Comparison: Trigger.dev vs. Temporal

DimensionTrigger.devTemporal
Language supportTypeScript/JavaScriptGo, Java, Python, TypeScript (SDK)
State modelCheckpoint snapshotsEvent sourcing with replay
DeploymentManaged cloud or self-hostedSelf-hosted or Temporal Cloud
Learning curveAsync functions with retry configWorkflow/activity split, determinism rules
Scaling modelAutomatic worker scaling (managed)Automatic (Temporal Cloud) or manual (self-hosted)
ObservabilityBuilt-in dashboardRequires separate UI setup (self-hosted)

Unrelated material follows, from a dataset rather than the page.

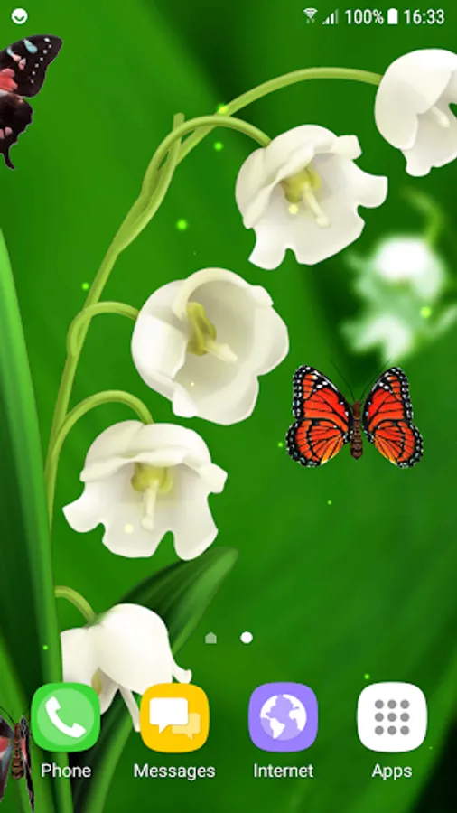 Lily of the valley live wallpaper - free amazing live wallpaper with stunning 3D multi-layered parallax effect, animated dynamic 3D butterflies, fireflies, set of 7 HD beautiful spring flower backgrounds. Touch the screen and see how colorful 3D butterflies fly from your finger. Download this free 3d parallax theme app now, it will be an excellent decoration for your Android phone or tablet.

Temporal gives you stronger guarantees about execution history and supports more complex workflow patterns (sagas, compensation logic). Trigger.dev trades those guarantees for simpler onboarding and tighter TypeScript integration.

Serialization Constraints

The checkpoint model has limits. If your task holds state that can’t serialize (database connections, file handles, WebSocket clients), you’ll hit runtime errors. The workaround is to reinitialize those resources after each checkpoint:

// Example based on Trigger.dev SDK patterns
export const streamingTask = task({
  id: "streaming-task",
  run: async (payload) => {
    // Don't persist the connection
    let connection = await openConnection();
    
    for (const batch of payload.batches) {
      // Checkpoint happens here: connection may be stale after resume
      await processBatch(batch);
      
      // Reconnect after checkpoint if needed
      if (!connection.isAlive()) {
        connection = await openConnection();
      }
    }
  },
});

This pattern works but adds boilerplate. Temporal’s deterministic replay model avoids this by separating side effects into activities.

Technical Verdict

Use Trigger.dev when:

  • You’re building agent workflows in TypeScript and want to avoid learning Temporal’s workflow model
  • Your tasks fit the checkpoint pattern (mostly async I/O, no complex state machines)
  • You prefer managed infrastructure over operating your own orchestration cluster
  • Observability out of the box matters more than custom tracing integrations

Avoid it when:

  • You need workflow patterns Temporal excels at (sagas, compensation, complex branching)
  • Your tasks hold non-serializable state (open connections, file handles)
  • You require multi-language support across the same workflow
  • You’re already invested in Temporal and need migration justification

The V2 pivot shows what developers building agent infrastructure actually need: durable execution without the operational weight of self-hosted Temporal. The checkpoint model is simpler but less flexible. That trade-off works for most TypeScript-native agent workflows.